Creative Control is a stylish, unique piece of speculative dystopian filmmaking, set in Brooklyn at some indeterminate time in the near future. A Google Glass clone has become mainstream, and anxiety pills are even more stratospherically popular than now. Writer, director, and star Benjamin Dickinson has a good deal of visual panache, and he’s evidently fueled by copious angst about our cultural moment and where it’s headed. Overall, there is a fair bit more style than substance, which in some ways betrays the whole point of speculative fiction, but it showcases a filmmaking voice worth considering.
Dickinson plays David, a marketing associate who is working on a big ad campaign for a new anxiety relieving pill. Scenes depicting the weird mix of vapidity, confidence, assertiveness, and spinelessness that undergirds marketing meetings ring true, though they pass too quickly. The mechanics of the firm, the product, and really all of the nuts and bolts of this future Brooklyn seem a bit too vague and under-imagined.
The strength of the marketing scenes can in part be attributed to the presence of Gavin McInnes, the exiled cofounder of the holy grail of hipster branding, Vice Media. He plays Scott, one of David’s team members. A veteran of countless real-world marketing meetings on how to monetize hipness, McInnes lends credibility to the marketing scenes, oozing slickness and barely concealed hostility. The comedian-musician Reggie Watts plays himself and brings a vital boost of inspired mania as a creative guru, whose ideas don’t make much sense, but he has a lot of them, and he seems to have such an ownership of contemporary coolness that everyone has no choice but to nod in agreement with his trippy babblings.

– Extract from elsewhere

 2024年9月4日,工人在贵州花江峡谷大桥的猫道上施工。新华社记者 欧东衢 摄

David lives with his sweet, somewhat lost yoga instructor girlfriend, Juliette (Nora Zehetner). She is interestingly loopy, given to blaming her work tardiness on the planet Mercury being in retrograde. As David becomes steadily ground down by his job, she appeals to him to snap out of the life of wage slavery and that he’s killing himself with stress and pills. David treats her pleas as little more than half-baked hippy nonsense, loudly and meanly reminding Juliette that her yoga instructor salary won’t pay for their swank top floor apartment.

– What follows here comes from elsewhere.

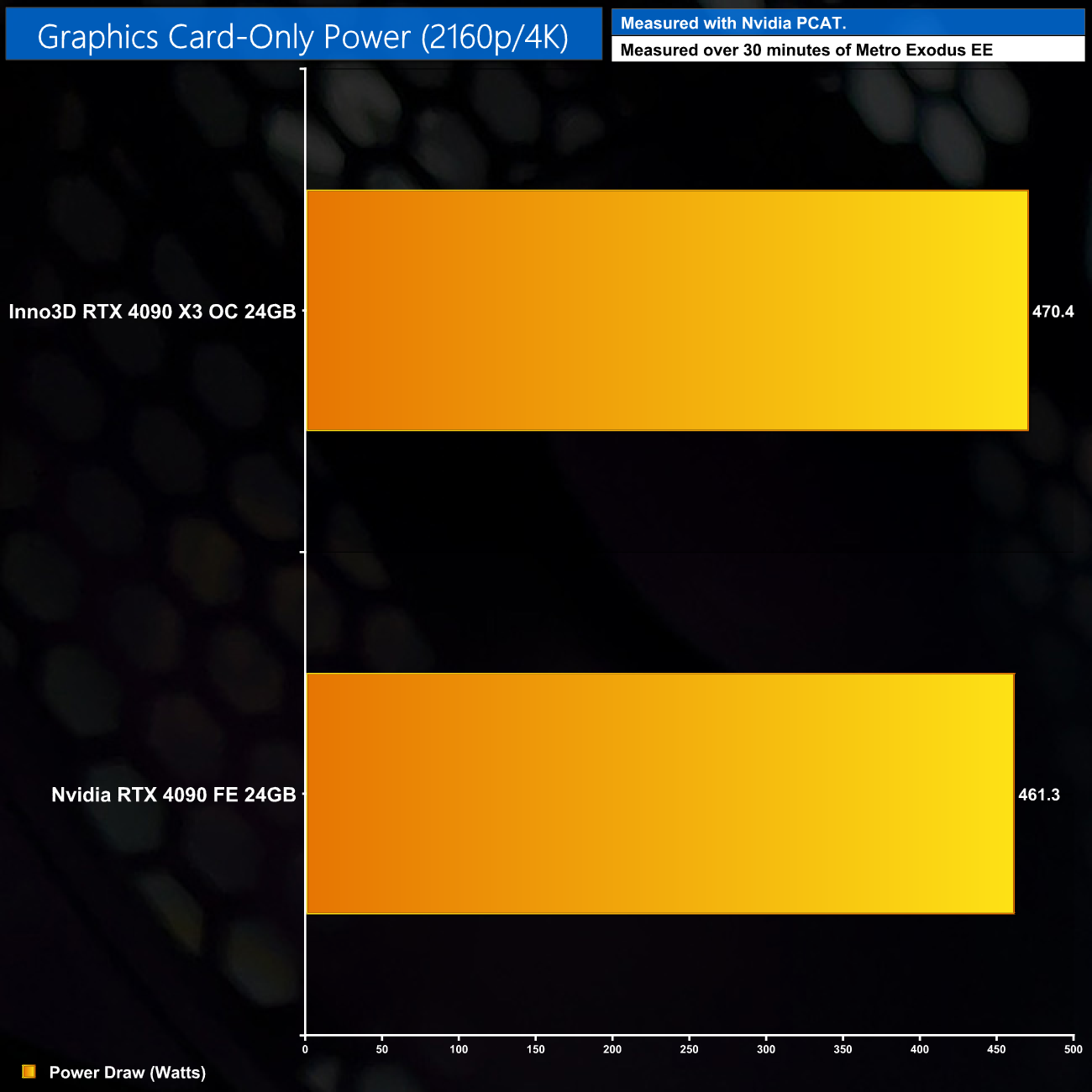 We measure power draw of the graphics card-only, using Nvidia's PCAT tool. A reading under load comes from running Metro Exodus Enhanced Edition for 30 minutes.

The movie never goes too long without a sex scene between David, Juliette, their lovers, or the lovers of several of David’s friends, most of whom are shallow peripheral characters whose name you are not quite sure of. The sex, always unsentimental, though often hyperstylized, lowers the stakes somewhat. The consistent, inevitable faux-resolution of all conflicts or incidents in sex scenes makes the movie feel too familiar. David’s banter with his mustachioed colleague Wim (Dan Gill) too often revolves around bro-dude sex talk.
Dickinson’s camera lazily follows his hipster characters around Williamsburg, from the Wythe Hotel to yoga studios to handball courts. The camera seems terminally disinterested in any of the action or dialogue, drifting along and conveying the same lack of focus or meaning that oozes from the characters, and from the story itself. We don’t learn much about what this future world is like, other than a familiar ennui and an overreliance on sex to solve existential issues. The main technological innovation seems to be a totally transparent smartphone and the aforementioned Google Glass facsimile. The main piece of technology on display is constant texting, which is, of course, already standard practice now.
It’s hard to shake the feeling that the primary message the filmmakers wanted to convey is how slick they are. Here’s a slow motion scene of David and Wim driving down the streets midday sharing a blunt, set to classical music, and a long, wordless scene of Wim dutifully and detachedly having doggy-style intercourse with his girlfriend while playing on his phone and still giving it to her good. A long rave scene in a nightclub following David’s and Wim’s drug-fueled prurience is basically a music video.
Beneath the self-serving coolness lies something of a capitalist critique, or at least a critique of our runaway train of techno-utopian consumerism fueled by medications. But the ideas and details of this dystopia are not examined enough to create any kind of critical attitude. In his roles as writer, director, and star, Dickinson brings to mind the director Shane Carruth, and they even look a lot alike. Both make offbeat, quasi-visionary films that could never be mistaken for anything but theirs. But Carruth, in Primer and especially Upstream Color, suffers from stuffing too many ideas, many of them quite rigorous and formidable, into his films, creating a chaotic disorientation that is a very tough taste to acquire. Dickinson, on the other hand, gives us something that seemingly has the trappings of a visionary film but without having enough to say to offer an actual vision. Despite its shortcomings, his film is still worth checking out for those looking for something different.